The manual switch 105 is a switch that works in conjunction with the switch 3wl, and resistors R1 to R3 can be freely selected.Some people may want to change the high frequency characteristics to some extent by varying the peaking characteristic Q. can be varied.

Further, the switch circuit 37 is a switch that mechanically detects whether or not there is a half tab on the chrome tape and turns it on and off. Further, in case some people really want to adjust the recording equalizer characteristics by themselves, a switch circuit 29 is provided which can be switched in conjunction with an external operation switch, and the volume VR can be adjusted by changing it.

In this way, when you press the normal recording button next time to start the recording operation, the playback output output terminal 14 is output from the boat output P1.
A control signal is output to turn on the switch circuit 6a, and an output signal from the boat output P4 turns on the switch circuit 20 to which the audio input terminal 15 is connected, and at the same time turns on the contacts of the switch circuit 40 as shown in the figure. By switching to the opposite side to the position, the sound quality can be changed by switching with the switch SW of the sound quality switching circuit 38.

Further, FIG. 6 shows a part of a specific circuit diagram designed in an actual experiment for the circuit block shown in FIG. 2 for reference.

(Effects of the Invention) As described above, since the present invention automatically adjusts the recording bias, recording level, and recording equalizer under computer control using a microprocessor, the adjustments can be made accurately and in a short time.

Also, C-M O3RA is stored in the memory where data is stored.
If you use a computer such as M and use a format that allows for discrete backup, the data will remain intact even if there is a power outage.

After setting τt+ in order N and 1.7Ω buffer 7, we set the recording level and finally adjusted the recording equalizer, so each adjustment is done once.
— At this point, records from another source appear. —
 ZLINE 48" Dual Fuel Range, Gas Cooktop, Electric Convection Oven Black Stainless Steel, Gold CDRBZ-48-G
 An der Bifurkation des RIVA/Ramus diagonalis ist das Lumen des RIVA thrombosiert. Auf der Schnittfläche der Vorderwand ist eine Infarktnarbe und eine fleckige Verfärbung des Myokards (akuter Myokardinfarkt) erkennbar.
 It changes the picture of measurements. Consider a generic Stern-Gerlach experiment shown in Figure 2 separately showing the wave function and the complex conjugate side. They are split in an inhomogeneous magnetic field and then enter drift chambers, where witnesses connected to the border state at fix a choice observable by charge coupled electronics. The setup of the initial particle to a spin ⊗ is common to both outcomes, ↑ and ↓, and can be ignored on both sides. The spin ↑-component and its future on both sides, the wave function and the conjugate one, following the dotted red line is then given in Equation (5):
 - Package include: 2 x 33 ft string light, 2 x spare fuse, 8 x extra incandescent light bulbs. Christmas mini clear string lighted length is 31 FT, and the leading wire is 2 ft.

This allows you to obtain highly reliable data.

Furthermore, when adjusting the recording bias current, if there is a dropout or extreme level fluctuation, it can be reliably detected and there will be no malfunction.
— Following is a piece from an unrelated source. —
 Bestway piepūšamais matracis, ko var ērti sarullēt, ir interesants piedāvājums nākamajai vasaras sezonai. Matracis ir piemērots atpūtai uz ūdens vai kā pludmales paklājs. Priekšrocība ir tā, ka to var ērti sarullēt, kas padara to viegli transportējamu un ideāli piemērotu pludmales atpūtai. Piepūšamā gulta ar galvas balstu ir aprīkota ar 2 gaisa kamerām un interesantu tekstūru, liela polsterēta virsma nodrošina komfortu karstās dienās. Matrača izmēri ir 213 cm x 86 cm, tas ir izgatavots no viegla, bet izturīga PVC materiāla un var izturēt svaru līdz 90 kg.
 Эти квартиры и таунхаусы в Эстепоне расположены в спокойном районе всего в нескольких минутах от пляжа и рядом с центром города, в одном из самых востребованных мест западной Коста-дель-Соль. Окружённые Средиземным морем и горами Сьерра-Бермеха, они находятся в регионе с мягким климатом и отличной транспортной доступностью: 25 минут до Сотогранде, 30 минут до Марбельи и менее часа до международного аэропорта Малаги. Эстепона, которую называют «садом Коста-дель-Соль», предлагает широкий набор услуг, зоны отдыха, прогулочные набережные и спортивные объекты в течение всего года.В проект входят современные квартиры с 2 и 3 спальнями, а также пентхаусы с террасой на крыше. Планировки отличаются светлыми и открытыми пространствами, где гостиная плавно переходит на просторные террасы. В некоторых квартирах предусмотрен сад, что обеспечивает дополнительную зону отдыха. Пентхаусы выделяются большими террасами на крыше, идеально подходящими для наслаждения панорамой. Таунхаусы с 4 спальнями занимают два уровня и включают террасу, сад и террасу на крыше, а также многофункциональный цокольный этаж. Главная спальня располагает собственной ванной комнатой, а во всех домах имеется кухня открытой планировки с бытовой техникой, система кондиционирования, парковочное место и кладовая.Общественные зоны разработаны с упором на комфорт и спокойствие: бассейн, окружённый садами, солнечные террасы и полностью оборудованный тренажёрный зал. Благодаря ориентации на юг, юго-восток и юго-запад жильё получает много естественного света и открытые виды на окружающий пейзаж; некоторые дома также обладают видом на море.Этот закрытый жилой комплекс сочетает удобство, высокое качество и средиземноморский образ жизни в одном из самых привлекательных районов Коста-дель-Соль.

Furthermore, although it is a fully automatic adjustment function, it can also be manually varied, giving the listener a high degree of freedom.
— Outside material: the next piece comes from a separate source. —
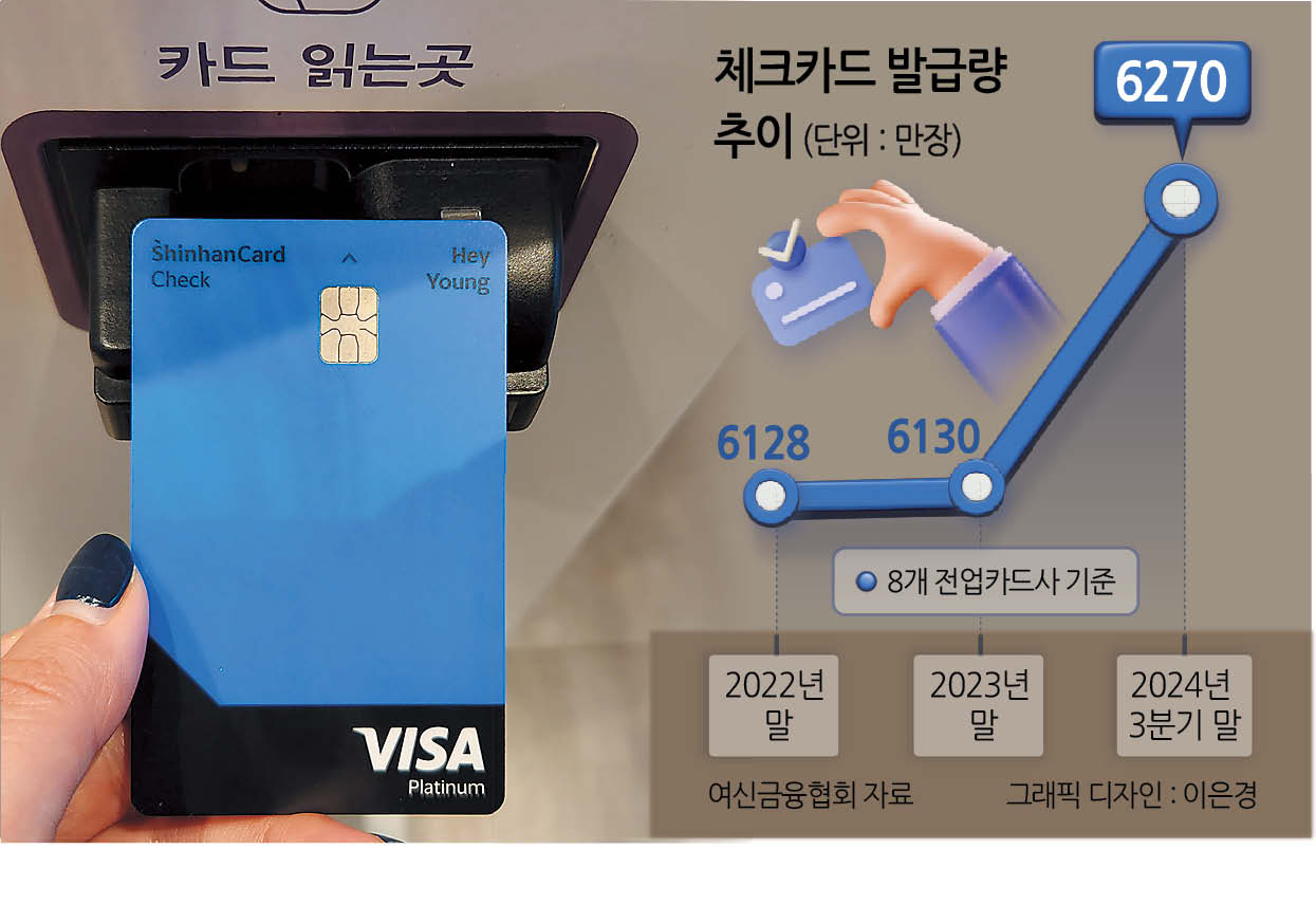 10일 여신금융협회에 따르면, 8개 카드사(신한·KB국민·현대·삼성·비씨·롯데·우리·하나)의 지난해 3분기 기준 체크카드 총 발급 건수는 6269만5000개로, 전년도 말(6129만7000개) 대비 139만8000장이 증가한 것으로 나타났다.

In addition, since a processor such as a microcomputer is used, other post-mortem functions such as timers and tape counters can be controlled by simply increasing the software and its interface, making it possible to freely increase the functionality of the magnetic recording and playback device. It has many effects.

[BRIEF DESCRIPTION OF THE DRAWINGS] FIG. 1 is an operation panel used in the magnetic recording and reproducing device of the present invention, and FIG. 2 is a block diagram showing an embodiment of the present invention.
3 to 5 are characteristic diagrams for explaining the operation, FIG. 6 is a specific circuit diagram of FIG. 2, and FIG. 7 is a flowchart 17 showing the flow of the operation. 13...PIA 26...ROM 35...CPU 36...RA, M 39...Impedance control circuit patent applicant Pioneer Corporation @3 figure e〃θ-store 4I length color →E173F-o;'-)7
'OSA77 data → Continued from page 1 0 Author: Ishii Tsuyoshi, Tokorozawa City Hanazono 4, 0 author: Dai Takehata Shi, Tokorozawa City Hanazono 4

Claims (1)

[Claims] A means for setting an optimum recording bias current by varying the recording bias current at arbitrary time intervals, digitally storing each corresponding reference recording/playback signal, and calculating the recording bias current; Means for varying the level at arbitrary time intervals and comparing each corresponding reference recording and playback signal with the reference level to set the optimum recording level for the mid-low range; and means for varying the recording equalizer characteristics at arbitrary time intervals. ,
A magnetic recording and reproducing device comprising means for comparing each corresponding high-frequency reference recording and reproducing signal with a reference level to set optimum recording equalizer characteristics.